Facebook’s real secret sauce in city-level millimeter wave communications, Maguire explained, is its use of computer vision and artificial intelligence to analyze a city and determine possible paths for communications. It has also, he said, developed new technology for rerouting these networks when communications are interrupted, and is currently testing this technology in San Jose.

Further out are Facebook’s efforts to use its Aquila aircraft in the stratosphere to allow long-distance communications. In recent tests, Facebook engineers clocked 36 Gbps of data transfer over 13 km using a stationary millimeter-wave link and 16 Gbps of data transfer from the ground to a Cessna aircraft; the Cessna acted as a stand-in for the futuristic Aquila. Maguire admitted it could take 10 years before this communications technology becomes practical. (Facebook also achievedand 80 Gbps using an optical link to the Cessna.)

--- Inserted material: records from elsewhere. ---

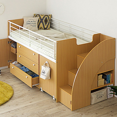またベッド周りに物を収納することが可能ですので、部屋の中が散らかる心配も減ります。
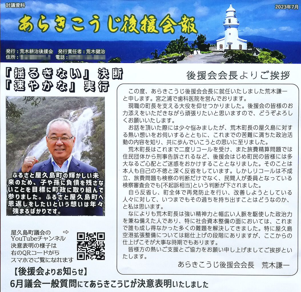 【取材後記】選挙運動チラシのような荒木後援会の「討議資料」 屋久島町長選2023
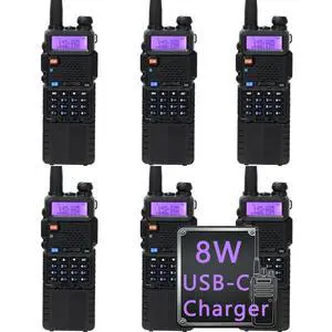 Baofeng UV-5R Dual Band Two Way Radio Handheld Ham Radio Long Range Walkie Talkies Pack of 6 for Hiking Camping Hunting Skiing Trip(Black) with 8W 3800mAh USB-C Charge Battery
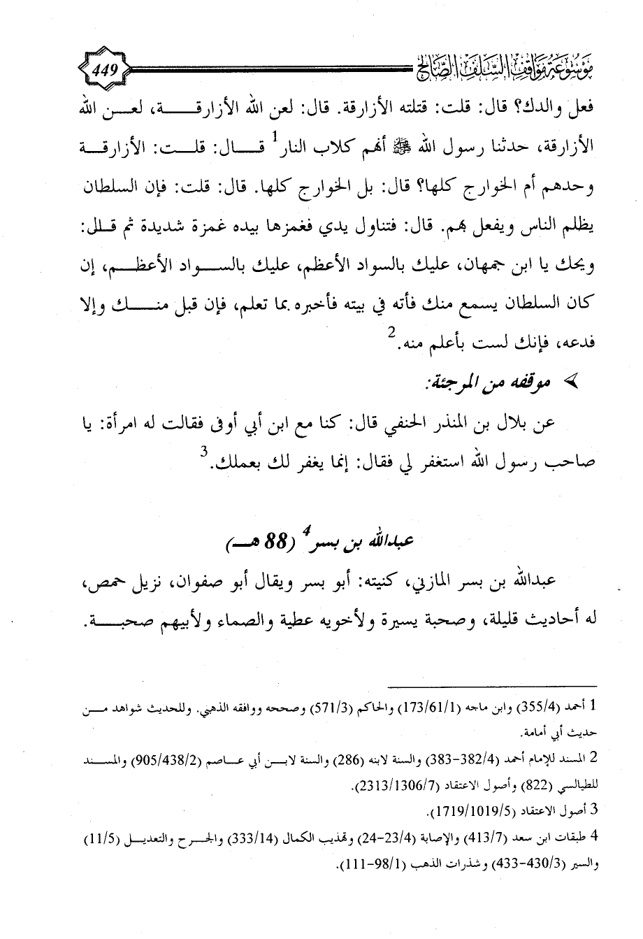 فعل والدك؟ قال: قلت: قتلته الأزارقة. قال: لعن الله الأزارقة، لعن الله الأزارقة، حدثنا رسول الله - صلى الله عليه وسلم - أنهم كلاب النار (¬1) قال: قلت: الأزارقة وحدهم أم الخوارج كلها؟ قال: بل الخوارج كلها. قال: قلت: فإن السلطان يظلم الناس ويفعل بهم. قال: فتناول يدي فغمزها بيده غمزة شديدة ثم قال: ويحك يا ابن جمهان، عليك بالسواد الأعظم، عليك بالسواد الأعظم، إن كان السلطان يسمع منك فأته في بيته فأخبره بما تعلم، فإن قبل منك وإلا فدعه، فإنك لست بأعلم منه. (¬2)

Nearer term for connectivity in rural areas, he said, is reducing the cell-phone tower to what Maguire calls its absolute essence: the Tether-tenna. He described this as a cable tethered to ground-based power and fiber optic networks, held up by an autonomous ultralight helicopter. There are a few things to work out, he said, “it’s a high voltage system, it has to survive high winds and lightning.” In tests, he reported, the Tether-tenna has run for 24 hours; the company expects to extend that to months.

Maguire also said the company is particularly interested in using its technology to create instant infrastructure for use in a crisis; long term, Aquila will be able to be fill that niche, but he sees Tether-tenna as also being useful—and just a few years away from implementation.